Smadja DM, Basire A, Amelot A, Conte A, Bièche I, Le Bonniec BF, Aiach M, Gaussem P - J. Cell. Mol. Med. (2008)

Bottom Line: The fibrin matrix induced significant EPC proliferation and, when placed in the lower chamber of a Boyden device, strongly enhanced EPC migration.These effects were partly inhibited by hirudin by 41% and 66%, respectively), which suggests that fibrin-adsorbed thrombin interacts with EPCs via the thrombin receptor PAR-1.Such an effect was associated with a 10-fold increase in plasminogen activator inhibitor-1 (PAI-1) secretion by EPCs cultivated in fibrin matrix.

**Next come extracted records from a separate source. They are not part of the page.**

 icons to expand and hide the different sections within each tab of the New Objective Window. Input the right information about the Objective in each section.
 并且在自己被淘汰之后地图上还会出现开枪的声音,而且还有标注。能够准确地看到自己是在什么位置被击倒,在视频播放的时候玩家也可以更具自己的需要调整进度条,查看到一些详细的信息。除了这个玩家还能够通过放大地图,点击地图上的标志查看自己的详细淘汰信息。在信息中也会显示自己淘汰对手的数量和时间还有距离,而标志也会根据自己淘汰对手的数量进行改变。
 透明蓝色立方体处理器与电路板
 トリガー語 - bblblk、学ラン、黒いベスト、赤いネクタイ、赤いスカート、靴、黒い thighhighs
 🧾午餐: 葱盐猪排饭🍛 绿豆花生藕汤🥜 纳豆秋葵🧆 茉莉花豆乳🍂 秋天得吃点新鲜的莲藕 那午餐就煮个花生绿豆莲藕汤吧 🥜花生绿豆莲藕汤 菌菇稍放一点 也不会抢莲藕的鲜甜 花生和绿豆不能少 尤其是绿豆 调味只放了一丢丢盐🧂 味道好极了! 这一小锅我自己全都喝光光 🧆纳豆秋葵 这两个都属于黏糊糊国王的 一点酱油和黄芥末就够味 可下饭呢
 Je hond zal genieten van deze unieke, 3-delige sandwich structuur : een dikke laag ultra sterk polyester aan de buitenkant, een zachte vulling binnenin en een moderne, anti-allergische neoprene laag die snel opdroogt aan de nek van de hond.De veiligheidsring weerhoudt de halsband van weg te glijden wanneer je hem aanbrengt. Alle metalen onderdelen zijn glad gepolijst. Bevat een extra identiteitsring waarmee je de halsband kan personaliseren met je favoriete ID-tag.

View Article: PubMed Central - PubMed

Affiliation: AP-HP, Hôpital Européen Georges Pompidou, Service d'Hématologie Biologique A, Paris, France.

ABSTRACT
Recent data suggest that endothelial progenitor cells (EPCs) are involved in recanalizing venous thrombi. We examined the impact of a fibrin network, and particularly of adsorbed thrombin, on EPCs derived from cord blood CD34(+) cells. Fibrin networks generated in microplates by adding CaCl(2) to platelet-depleted plasma retained adsorbed thrombin at the average concentration of 4.2 nM per well. EPCs expressed high levels of endothelial cell protein C receptor and thrombomodulin, allowing the generation of activated protein C on the fibrin matrix in the presence of exogenous human protein C. The fibrin matrix induced significant EPC proliferation and, when placed in the lower chamber of a Boyden device, strongly enhanced EPC migration. These effects were partly inhibited by hirudin by 41% and 66%, respectively), which suggests that fibrin-adsorbed thrombin interacts with EPCs via the thrombin receptor PAR-1. Finally, spontaneous lysis of the fibrin network, studied by measuring D-dimer release into the supernatant, was inhibited by EPCs but not by control mononuclear cells. Such an effect was associated with a 10-fold increase in plasminogen activator inhibitor-1 (PAI-1) secretion by EPCs cultivated in fibrin matrix. Overall, our data show that EPCs, in addition to their angiogenic potential, have both anticoagulant and antifibrinolytic properties. Thrombin may modulate these properties and contribute to thrombus recanalization by EPCs.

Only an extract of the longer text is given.